Source information section start

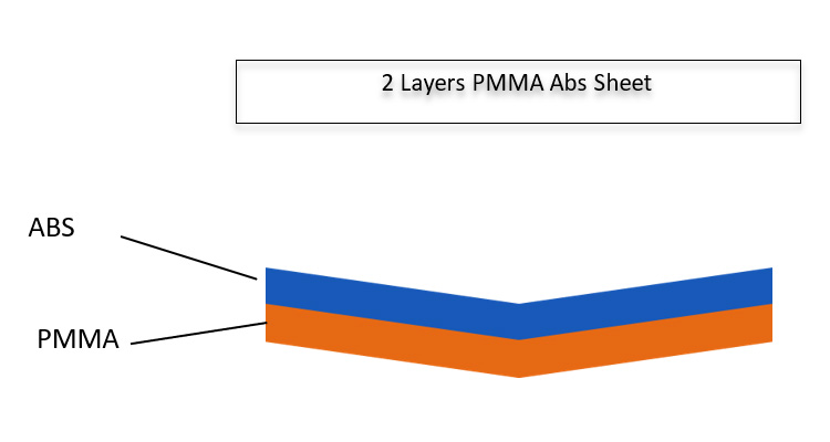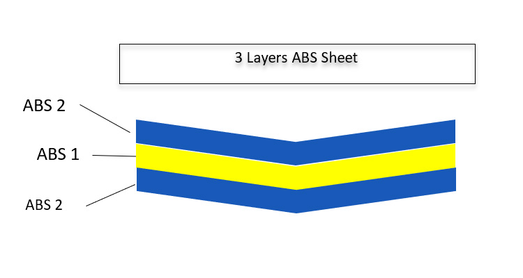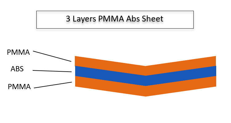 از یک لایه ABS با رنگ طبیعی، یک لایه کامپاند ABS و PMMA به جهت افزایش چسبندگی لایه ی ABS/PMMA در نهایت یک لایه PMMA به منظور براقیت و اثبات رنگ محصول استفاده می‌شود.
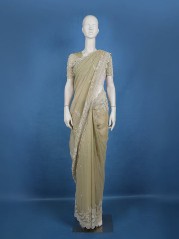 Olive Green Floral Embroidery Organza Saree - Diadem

Source information section end
Source information section start

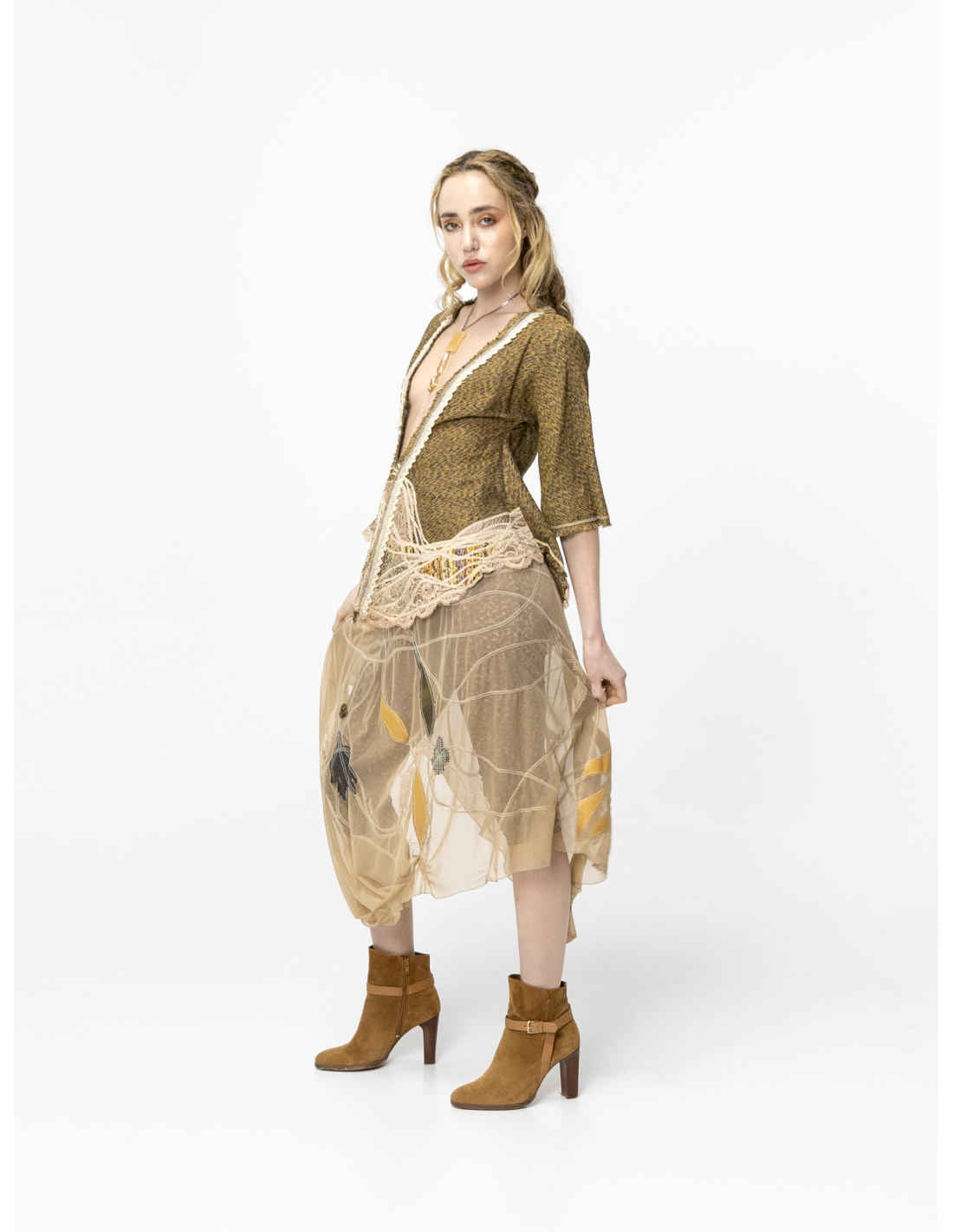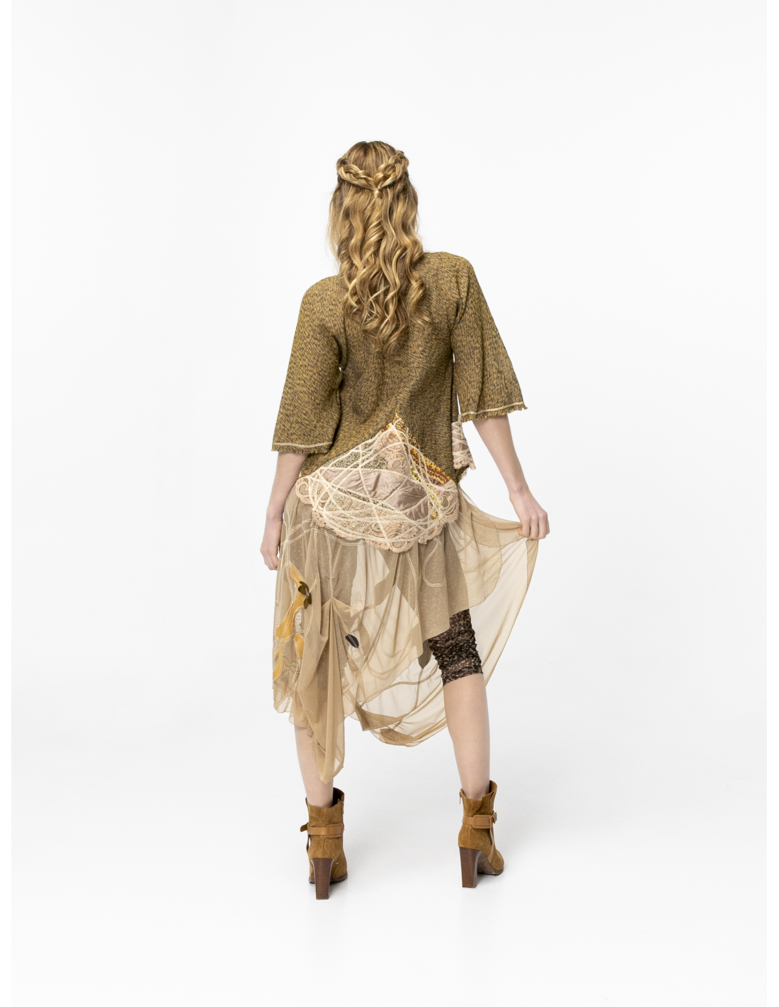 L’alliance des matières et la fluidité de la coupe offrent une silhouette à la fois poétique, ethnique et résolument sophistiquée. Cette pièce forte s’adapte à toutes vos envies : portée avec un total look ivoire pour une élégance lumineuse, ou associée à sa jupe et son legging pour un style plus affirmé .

Source information section end
Source information section start

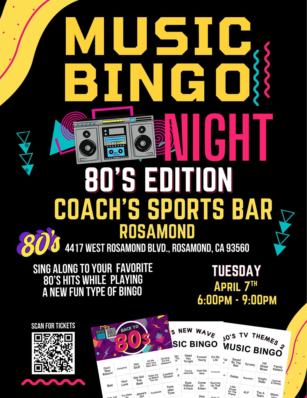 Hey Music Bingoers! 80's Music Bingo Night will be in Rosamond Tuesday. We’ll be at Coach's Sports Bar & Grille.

Source information section end

▸ Problem
Which part of the entries opens with the line containing "از یک لایه ABS" and closes with the line containing "Olive Green Floral"? Output that part exactly, ends included, pictures excluded.

▸ Result below
 از یک لایه ABS با رنگ طبیعی، یک لایه کامپاند ABS و PMMA به جهت افزایش چسبندگی لایه ی ABS/PMMA در نهایت یک لایه PMMA به منظور براقیت و اثبات رنگ محصول استفاده می‌شود.
 Olive Green Floral Embroidery Organza Saree - Diadem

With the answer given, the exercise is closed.